Re. reverb and an orchestral template etc. have a look at Alex Pfeffer's excellent video:

http://www.youtube.com/watch?v=_PQBn6DCVgs

and note how he sets up Spaces.


And in the VSS tutorial that Per referenced, you'll note that Gabriel doesn't cover Input Offset, but based on your question, you'll want to explore that VSS feature as well.


----------



## Peter Alexander (Feb 10, 2013)

With the exception of Sample Modeling, everything else you mentioned is pre-panned for you.


----------



## playz123 (Feb 10, 2013)

Peter Alexander @ Sun Feb 10 said:


> With the exception of Sample Modeling, everything else you mentioned is pre-panned for you.



Which is exactly why the OP needs to know about Input Offset if he's using VSS.


----------



## Per Lichtman (Feb 10, 2013)

@playz123 Did I link to a tutorial without input offset? Shoot - I forgot I got that one from the manual, apparently.
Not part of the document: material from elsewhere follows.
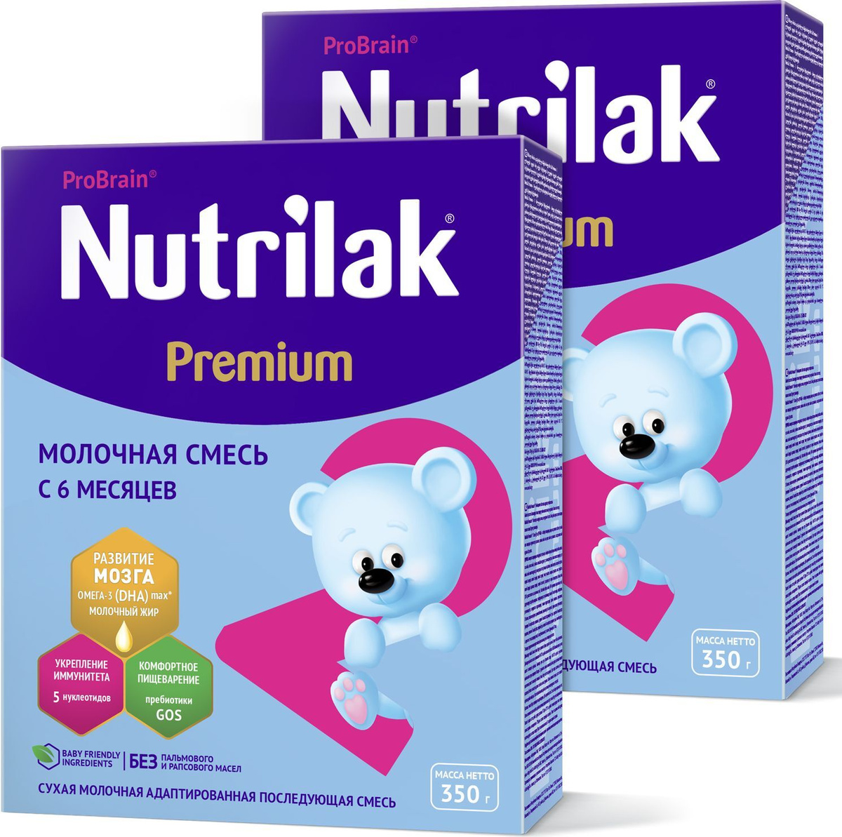 Молочная смесь Nutrilak Premium+ 2, с 6 месяцев, 2 шт х 350 г

Mea culpa.


----------



## kfirpr (Feb 11, 2013)

Silly me
Iv'e started to read the manual of VSS


----------



## kfirpr (Feb 11, 2013)

The manual looks kinda complicated (for me) can someone please explain me how the cancel the early reflection in the send reverb like in Valhalla true verb or liquidsonics reverberate?
What exactly is the input offset?


----------



## Per Lichtman (Feb 11, 2013)

The closest you can get to canceling the early reflections is to bring their slider all the way down (the one on the far right).

Input offset is used to center the stereo signal before you start panning it. If you get the settings right, then it will work almost as if your input signal had been panned center to start with. While nothing is perfect, it really does make a big difference.


----------



## kfirpr (Feb 11, 2013)

Hi Thanks Per


I just saw that there is presets for each libraryand each patch in the last version VSS, is this mean I dont have to do this tedious input offset, if so its totaly worth it.

btw in valahalla room there is a "early" section Do this mean I can just turn it all down?

http://www.valhalladsp.com/wp-content/uploads/2011/03/ValhallaRoom_V1_1_02.png (http://www.valhalladsp.com/wp-content/u ... 1_1_02.png)


----------



## Per Lichtman (Feb 11, 2013)

@kfirpr Yes, you only need to use the Early Reflections from one of the two. Listen to the one you like better and turn them down (or off) in the other.

I'll check the presets when Gabriel sends me the new version sometime in the next few days.


----------



## playz123 (Feb 11, 2013)

Presets in VSS are the same as presets in other software. Sometimes they are sufficient, but not all the time. So it's still suggested that one learn about Input Offset. It's simple to adjust, and personally I don't consider it to be tedious at all. And there aren't presets for every single library or instrument you may wish to use either.


----------